The shows here seem to last forever, they last for 5-6 hours some last longer! Not sure if that's pretty much normal for everyone?
The wether classes are first, then usually commercial does if there is a commercial doe class, then dairy if there is a dairy show, then they do the percentage & fullblood boer does. So there is a lot of waiting around. I figure the more goats they take, the less bored they will be lol Since they have the boys, might as well let them have a market wether


----------



## Dani-1995 (Mar 11, 2011)

My brother is six. He helped us raise a bottle baby last year and she is his goat. Its funny to watch him play with her.. they play hide and seek alot! He hides and Sugar goes all over looking for him, even calling him. 

Our wether shows last anywhere from 4 to 10 hours. It depends on how many kids and who the judge is.


----------



## HoosierShadow (Apr 20, 2010)

aww That sounds like my daughter and the goat she had for 4-H last year! They were always together. It broke our hearts when we sold her. My plan right now is for her to have a wether, but to also show Snow White's doe in a breeding class. Here you pretty much have to be 8 to have a goat in a breeding class, so we'll most likely register in our sons name, he'd have 2 percentages in the same age group, so, he can show one and my daughter can show the other  They typically don't have a problem with that as long as the novice handler can control the goat.

I think the longest show we've been to so far was probably about 12 hours WHEW lol. We had to check in at a certain time, showmanship, then had to wait through all the market classes, I can't remember what time it started, but we arrived right before lunchtime, and breeding classes didn't start until after dark. Fullblood does didn't finish until after 1am. It was a great show though, lots of fun, but soooo tiring. I told the kids next time we should just bring a tent and camp out LOL


----------



## HoosierShadow (Apr 20, 2010)

Well I am thinking about ordering clippers a week from Friday. I'm not sure yet how much I'll spend on a pair. I'll just most likely get the clippers, then later get anything we need to go with them <lube & blades>.

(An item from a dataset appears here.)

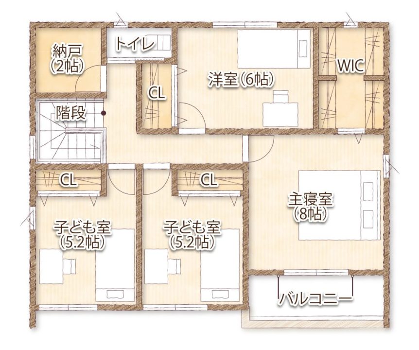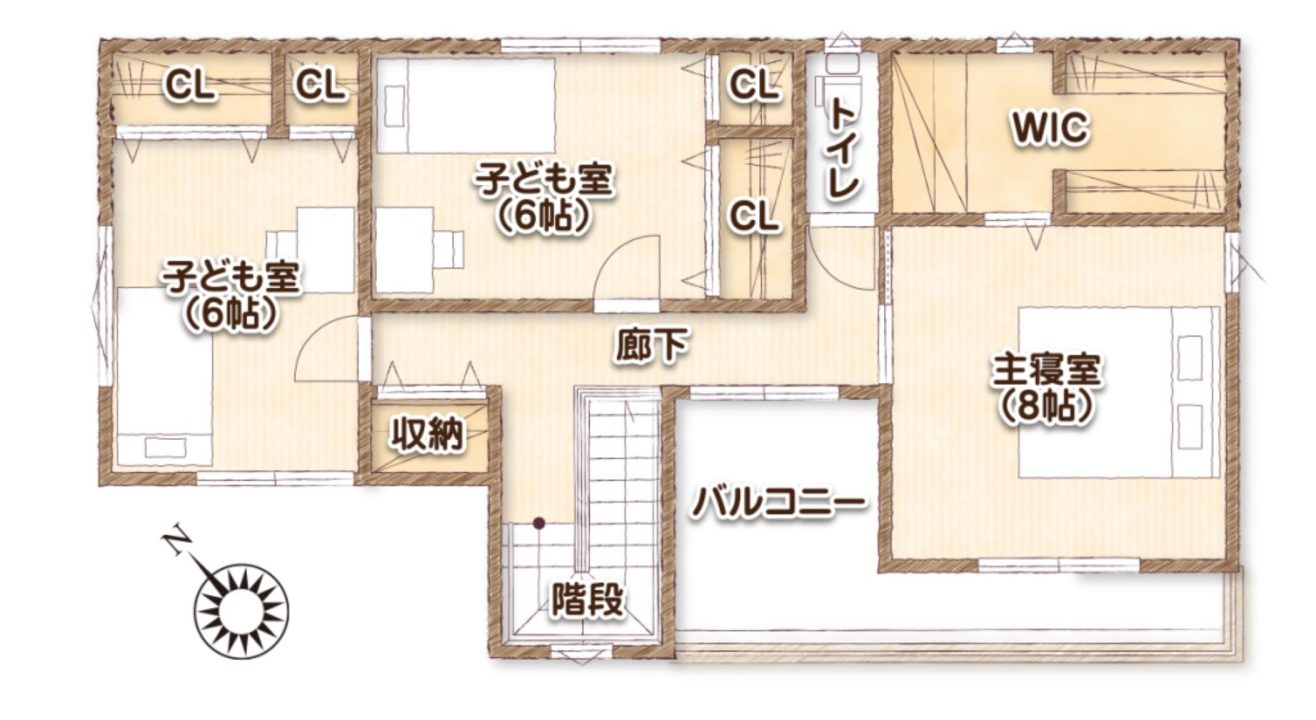 2. 2階の各部屋にクローゼットが設けられている

Just wondering, where the best place to look for them would be? Most competitive prices/shipping?

I was thinking about checking Amazon.com?

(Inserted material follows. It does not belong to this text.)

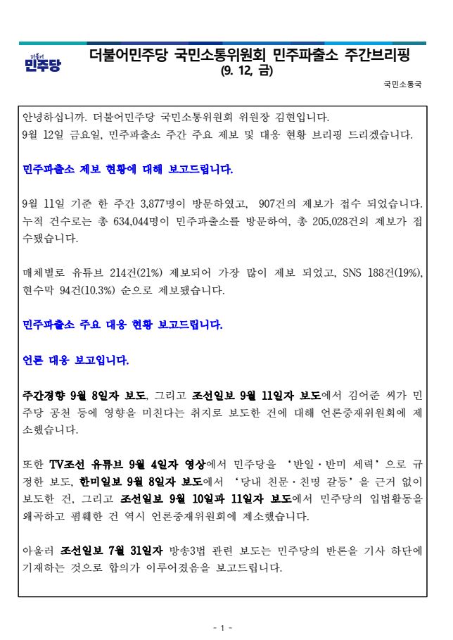 금, 2025/09/12- 00:00 에 admin 에 의해 제출됨 [0] 관련 개인/그룹 민주당 중앙당 정당 더불어민주당 지역 미특정 카테고리 보도자료 국민소통위원회_주간_민주파출소_브리핑250912.pdf공유 공유하기 닫기페이스북트위터카카오톡URL 복사 링크 https://theminjoo.kr/main/sub/news/view.php?sno=0&brd=188&post=1213478&search= Like 0 Dislike 0 댓글 달기 이름 제목 Comment 저장 Preview

Also, since we've never banded before I do plan on watching videos. Just wondering what you guys think are the best bands to use? We have a TSC 10 minutes away that I can get them at.


----------



## Dani-1995 (Mar 11, 2011)

I've never checked amazon. I know jeffers does free shipping on order over a certain amount. They also have promo codes that can save money. Usually if you google "jeffers promo codes" they'll pop right up. 

I think the little green bands.... not sure what brand but theyre just little green bands.


----------